Spätsymptome des Volvulus sind:
Hämatin
Hämochezie
Paralyse des Darmes
Multiple Röntgenspiegel deuten auf eine fortgeschrittene Infarzierung hin.
Bei V. a. Volvulus ist die umgehende Operation (ggf. Laparoskopie, meist offen) unabdingbar.
Häufig sind laparoskopische Manipulationen (LADD-Manöver) aufgrund überdehnter und
rigider Darmschlingen erschwert, so dass laparotomiert werden muss. Bei einem Strangulationsileus
durch angeborene Briden (z. B. Reste der Vitellin-Arterien, Ductus omphaloentericus)

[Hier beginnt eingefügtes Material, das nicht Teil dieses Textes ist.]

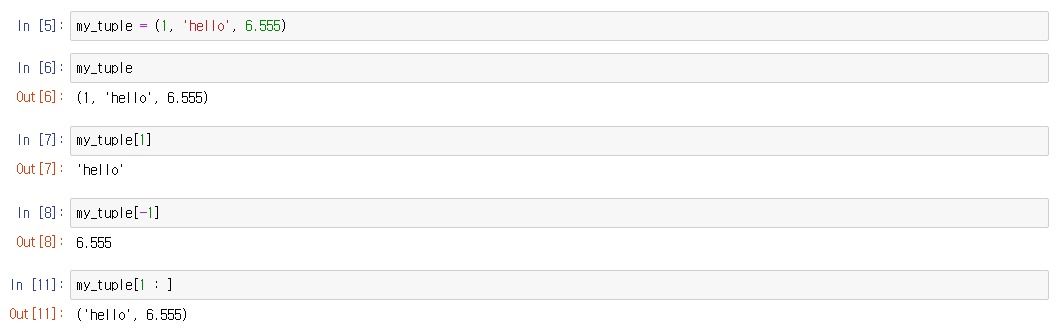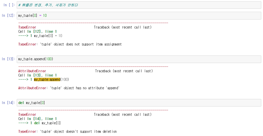 - 튜플은 데이터 수정, 추가, 삭제가 불가능

ist die Laparoskopie zielführend.
Bei Mitteldarmvolvulus und hämorrhagischer Infarzierung ist eine Second-Look-Operation
nach 24 – 36 Stunden eine Option zur Erhaltung des Darmes (ggf. ist auch die Clip-and-drop-Technik
anzuwenden).
Kontrovers wird die Entfernung der Appendix bei Rotationsanomalien des Darmes diskutiert.
Aus infektimmunologischen Gründen ziehen wir es vor, die Appendix nicht zu entfernen,
da diese einen Rückzugsort der normalen Darmflora bei Enteritis ist [10 ]. Allerdings sollten Eltern und ggf. auch das verständige Kind auf die Möglichkeit
einer Links-Appendizitis hingewiesen werden.
Hinweis
Weitere Fehlbildungen und Erkrankungen werden in Teil 2 des Beitrags in der nächsten
Ausgabe (2/2019) behandelt.
Fehlbildungen des oberen Gastrointestinaltrakts werden überwiegend pränatal im Ultraschall
diagnostiziert.
Atresien und Darmfixationsstörungen sind am häufigsten anzutreffen.
Galliges Erbrechen ist ein Alarmzeichen mit der Konsequenz einer weiterführenden Diagnostik
sowie der Einlage einer nasogastrischen Sonde.
Typisch für die Duodenalatresie ist die Double Bubble im Ultraschall und auf der Röntgenaufnahme;
die Operation erfolgt mit aufgeschobener Dringlichkeit.
Atresien des unteren Dünndarms und des Kolons manifestieren sich häufig verzögert
durch Auftreibung des Darmes und galliges bzw. fäkulentes Erbrechen.
Multiple Dünndarmspiegel bei fehlender Belüftung des unteren Mittel- und Enddarmes
belegen postnatal eine tiefere Dünndarmatresie.
Bei Dünndarmatresien besteht ein Trend zur primären Anastomose, wenn immer möglich.
Duplikaturen sind initial oft symptomarm, erweisen sich jedoch später als komplikationsträchtig,
so dass eine elektive Operationsindikation besteht.
Darmrotaions- und Fixationsstörungen prädestinieren zum Mitteldarmvolvulus.
Ein V. a. Volvulus erfordert die Abklärung innerhalb einer Stundenfrist. Bei langstreckiger
hämorrhagischer Infarzierung ist nach Detorsion eine Second-Look-Laparotomie zu erwägen.